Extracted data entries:

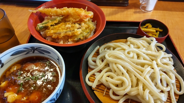 週末のお昼13時過ぎに2人で伺いました。 店内は広くて席数があるので、待たずに着座できました。テーブルと座敷がありました。 注文はタブレットからできて、食後のデザートを持ってきてもらう声掛けもタブレットでできます。 冷やし鶏みぞれ満腹定食の並(1020円)とコーヒーゼリーを注文。 冷やし鶏みぞれうどんは、麺は武蔵野うどんとのことで、軟らか目で注文したので冷たいつけ汁でも腰がありすぎずにいただけました。つけ汁は小さめの鶏がほどよい量で入り、みぞれとネギ、冷やした汁で暑い夏でもさっぱりとしておいしいです。 天丼は海老、イカ、なす、カボチャ、おくらが載っていて、油っこすぎず量的にも丁度よく最後までスムーズにいただけました。 機会があれば、次回は肉汁のつけ汁うどんにしてみたいと思います。
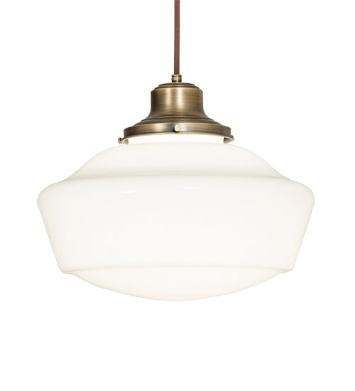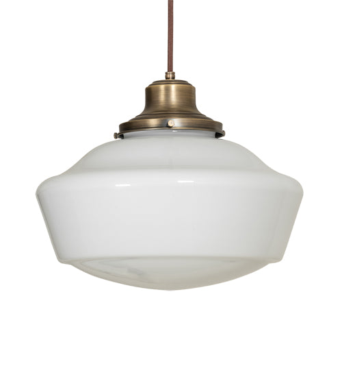 The Revival Schoolhouse glass reflects an authentic classic design. A perfectly formed shade is handcrafted of White Opal Schoolhouse Glass with rich artisanship and style. Originally used in private residences, schools, galleries and libraries, this Schoolhouse electrical reproduction pendant is cord hung and will illuminate a broad range of interiors today. The Brass constructed pendant is enhanced with an Antique Brass finish. The overall height ranges from 17 to 88 inches as the stem length can be adjusted in the field. If you intend to utilize this product in a coastal or any other challenging damp location, please call us for a quote.
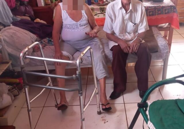 Um casal de idosos teve a casa invadida na noite de anteontem por dois homens, que diziam que estavam ali para levar objetos de valor. Manoel Pereira, de 77 anos, que tem problemas de saúde, tentou reagir com uma faca mas foi dominado pelos dois bandidos, que o prenderam no quarto. A mulher dele, que usa andador, também foi agredida. Mas o marido conseguiu pular a janela e foi pedir socorro na vizinha.
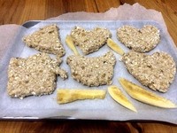 Tip:1、因为现在的香蕉都比较硬,就算表皮烂了结果里面还是生生的赶脚,不过还好剁很烂也没事不影响口感。 2、要弄薄点,烤久点才会香香脆脆的,不过要观察,防止烤糊掉。 3、在毡板上定好型,用刀平铲至烤盘。
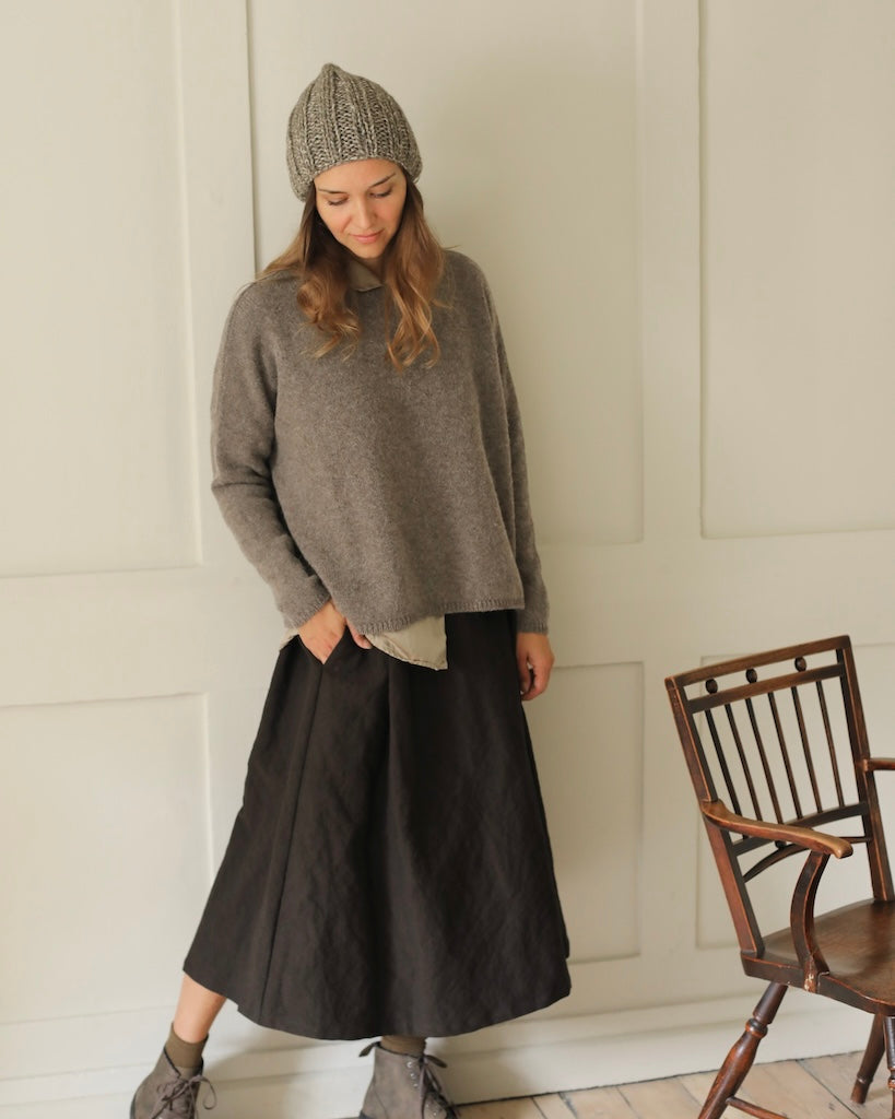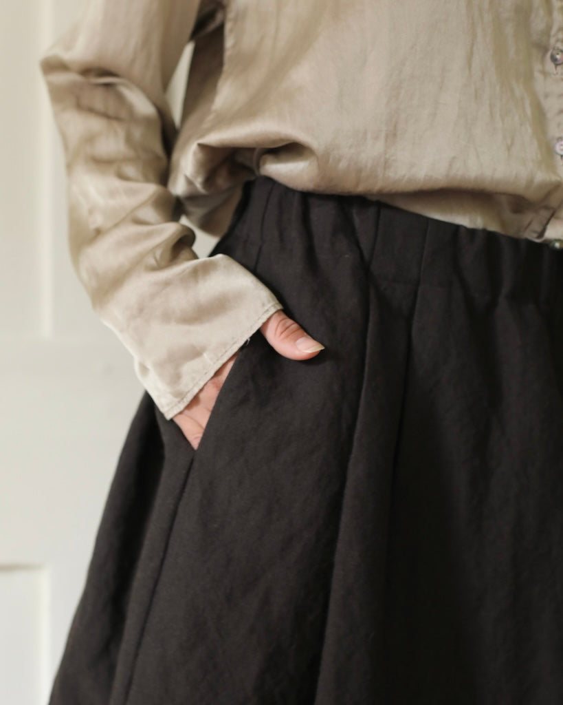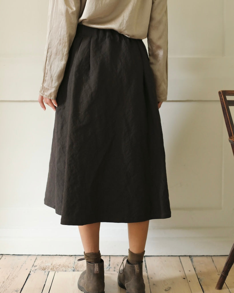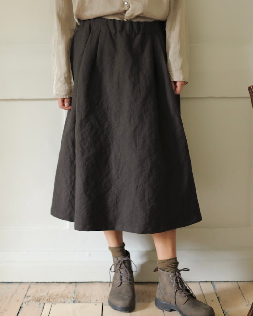 Crafted from a wool and cotton blend with a refined denim look in deep earthy brown, this skirt features an elegant straight A-line silhouette with front and back dart details. Designed for ease with an elastic waist and discreet side pockets, it blends structure with everyday sophistication.About the artist:

* [PROBLEM TO SOLVE]: Could you transcribe the records above exactly, leaving out any pictures?

* [REPLY]:
 週末のお昼13時過ぎに2人で伺いました。 店内は広くて席数があるので、待たずに着座できました。テーブルと座敷がありました。 注文はタブレットからできて、食後のデザートを持ってきてもらう声掛けもタブレットでできます。 冷やし鶏みぞれ満腹定食の並(1020円)とコーヒーゼリーを注文。 冷やし鶏みぞれうどんは、麺は武蔵野うどんとのことで、軟らか目で注文したので冷たいつけ汁でも腰がありすぎずにいただけました。つけ汁は小さめの鶏がほどよい量で入り、みぞれとネギ、冷やした汁で暑い夏でもさっぱりとしておいしいです。 天丼は海老、イカ、なす、カボチャ、おくらが載っていて、油っこすぎず量的にも丁度よく最後までスムーズにいただけました。 機会があれば、次回は肉汁のつけ汁うどんにしてみたいと思います。
 The Revival Schoolhouse glass reflects an authentic classic design. A perfectly formed shade is handcrafted of White Opal Schoolhouse Glass with rich artisanship and style. Originally used in private residences, schools, galleries and libraries, this Schoolhouse electrical reproduction pendant is cord hung and will illuminate a broad range of interiors today. The Brass constructed pendant is enhanced with an Antique Brass finish. The overall height ranges from 17 to 88 inches as the stem length can be adjusted in the field. If you intend to utilize this product in a coastal or any other challenging damp location, please call us for a quote.
 Um casal de idosos teve a casa invadida na noite de anteontem por dois homens, que diziam que estavam ali para levar objetos de valor. Manoel Pereira, de 77 anos, que tem problemas de saúde, tentou reagir com uma faca mas foi dominado pelos dois bandidos, que o prenderam no quarto. A mulher dele, que usa andador, também foi agredida. Mas o marido conseguiu pular a janela e foi pedir socorro na vizinha.
 Tip:1、因为现在的香蕉都比较硬,就算表皮烂了结果里面还是生生的赶脚,不过还好剁很烂也没事不影响口感。 2、要弄薄点,烤久点才会香香脆脆的,不过要观察,防止烤糊掉。 3、在毡板上定好型,用刀平铲至烤盘。
 Crafted from a wool and cotton blend with a refined denim look in deep earthy brown, this skirt features an elegant straight A-line silhouette with front and back dart details. Designed for ease with an elastic waist and discreet side pockets, it blends structure with everyday sophistication.About the artist:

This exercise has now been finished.